Task goal: Every line from the line containing "スタッキングマグカップ マグカップ 猫" through the final line below is to be repeated exactly; no other line is.
BEGIN Dataset records
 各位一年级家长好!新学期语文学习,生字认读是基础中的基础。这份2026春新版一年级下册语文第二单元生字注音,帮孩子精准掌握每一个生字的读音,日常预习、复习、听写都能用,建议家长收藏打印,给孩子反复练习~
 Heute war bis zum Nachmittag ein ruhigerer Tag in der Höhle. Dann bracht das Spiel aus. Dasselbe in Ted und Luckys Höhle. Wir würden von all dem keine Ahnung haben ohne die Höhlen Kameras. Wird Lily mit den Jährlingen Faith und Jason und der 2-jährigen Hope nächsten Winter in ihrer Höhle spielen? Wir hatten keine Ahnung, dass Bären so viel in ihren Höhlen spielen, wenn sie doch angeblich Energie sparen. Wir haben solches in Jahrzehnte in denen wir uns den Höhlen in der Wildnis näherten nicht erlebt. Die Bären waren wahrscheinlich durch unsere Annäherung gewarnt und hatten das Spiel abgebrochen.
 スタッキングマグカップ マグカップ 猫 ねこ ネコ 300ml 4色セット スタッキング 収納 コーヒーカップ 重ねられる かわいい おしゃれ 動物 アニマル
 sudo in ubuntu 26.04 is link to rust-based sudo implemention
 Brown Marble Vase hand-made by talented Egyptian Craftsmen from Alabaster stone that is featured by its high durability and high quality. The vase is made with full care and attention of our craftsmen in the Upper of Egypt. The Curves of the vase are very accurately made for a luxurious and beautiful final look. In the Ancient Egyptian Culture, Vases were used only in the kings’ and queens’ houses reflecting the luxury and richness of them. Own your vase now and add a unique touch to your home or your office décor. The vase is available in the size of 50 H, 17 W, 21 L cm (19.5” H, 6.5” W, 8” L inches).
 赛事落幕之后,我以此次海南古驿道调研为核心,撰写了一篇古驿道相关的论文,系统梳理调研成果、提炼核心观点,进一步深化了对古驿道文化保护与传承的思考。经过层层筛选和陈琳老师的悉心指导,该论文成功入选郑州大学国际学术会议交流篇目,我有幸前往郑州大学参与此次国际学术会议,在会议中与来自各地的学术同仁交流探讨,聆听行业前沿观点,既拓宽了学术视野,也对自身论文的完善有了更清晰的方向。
END Dataset records
Output of the exercise:
 スタッキングマグカップ マグカップ 猫 ねこ ネコ 300ml 4色セット スタッキング 収納 コーヒーカップ 重ねられる かわいい おしゃれ 動物 アニマル
 sudo in ubuntu 26.04 is link to rust-based sudo implemention
 Brown Marble Vase hand-made by talented Egyptian Craftsmen from Alabaster stone that is featured by its high durability and high quality. The vase is made with full care and attention of our craftsmen in the Upper of Egypt. The Curves of the vase are very accurately made for a luxurious and beautiful final look. In the Ancient Egyptian Culture, Vases were used only in the kings’ and queens’ houses reflecting the luxury and richness of them. Own your vase now and add a unique touch to your home or your office décor. The vase is available in the size of 50 H, 17 W, 21 L cm (19.5” H, 6.5” W, 8” L inches).
 赛事落幕之后,我以此次海南古驿道调研为核心,撰写了一篇古驿道相关的论文,系统梳理调研成果、提炼核心观点,进一步深化了对古驿道文化保护与传承的思考。经过层层筛选和陈琳老师的悉心指导,该论文成功入选郑州大学国际学术会议交流篇目,我有幸前往郑州大学参与此次国际学术会议,在会议中与来自各地的学术同仁交流探讨,聆听行业前沿观点,既拓宽了学术视野,也对自身论文的完善有了更清晰的方向。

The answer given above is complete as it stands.